WHAT IS REQUIRED: Please write out only the lines from the line with "Nuestras tarjetas planas" to the line with "yellow pebbled leather", inclusive, exactly as they stand below, without the pictures.

===== RECORD EXTRACTS =====

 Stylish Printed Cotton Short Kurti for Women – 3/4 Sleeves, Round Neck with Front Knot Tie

=====
===== RECORD EXTRACTS =====

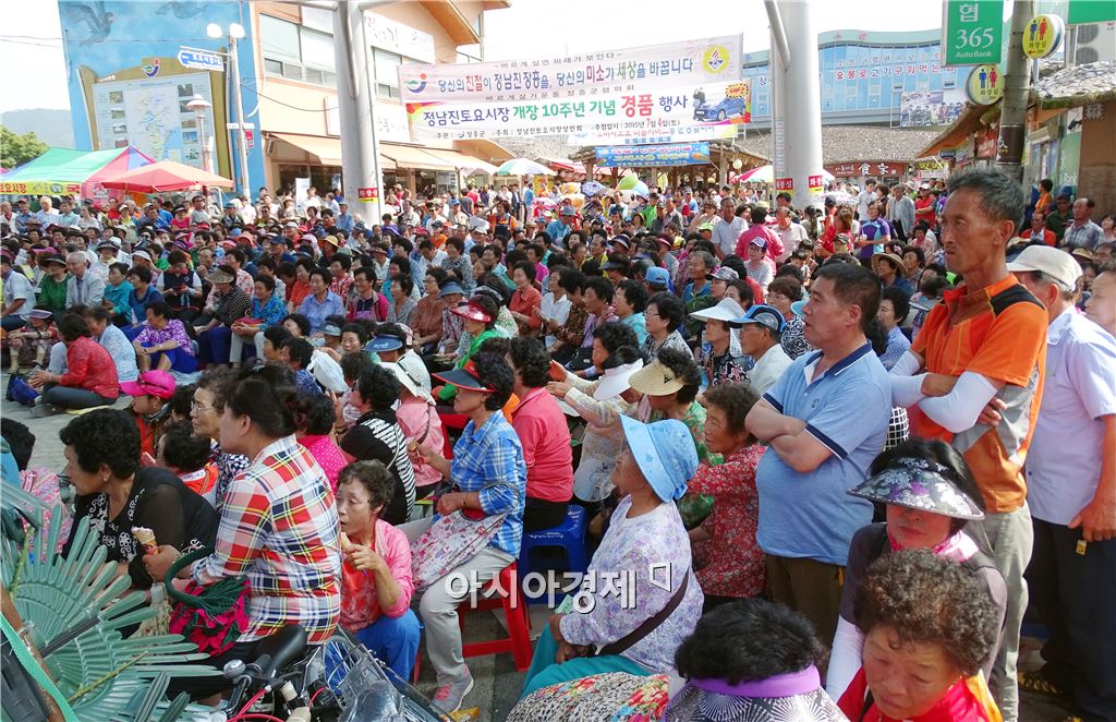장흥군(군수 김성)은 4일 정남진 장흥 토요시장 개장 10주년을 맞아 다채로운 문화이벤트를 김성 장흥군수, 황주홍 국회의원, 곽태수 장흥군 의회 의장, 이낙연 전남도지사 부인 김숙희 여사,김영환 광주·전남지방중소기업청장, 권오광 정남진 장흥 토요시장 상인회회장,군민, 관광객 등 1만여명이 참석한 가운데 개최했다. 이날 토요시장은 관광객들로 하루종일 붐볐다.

=====
===== RECORD EXTRACTS =====

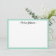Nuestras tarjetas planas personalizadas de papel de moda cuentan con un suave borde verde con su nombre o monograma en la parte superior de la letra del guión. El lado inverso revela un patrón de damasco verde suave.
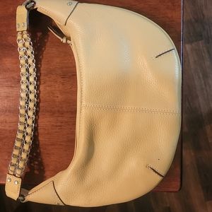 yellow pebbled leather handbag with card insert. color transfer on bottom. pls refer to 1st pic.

=====

OUTPUT OF THE TASK:
Nuestras tarjetas planas personalizadas de papel de moda cuentan con un suave borde verde con su nombre o monograma en la parte superior de la letra del guión. El lado inverso revela un patrón de damasco verde suave.
 yellow pebbled leather handbag with card insert. color transfer on bottom. pls refer to 1st pic.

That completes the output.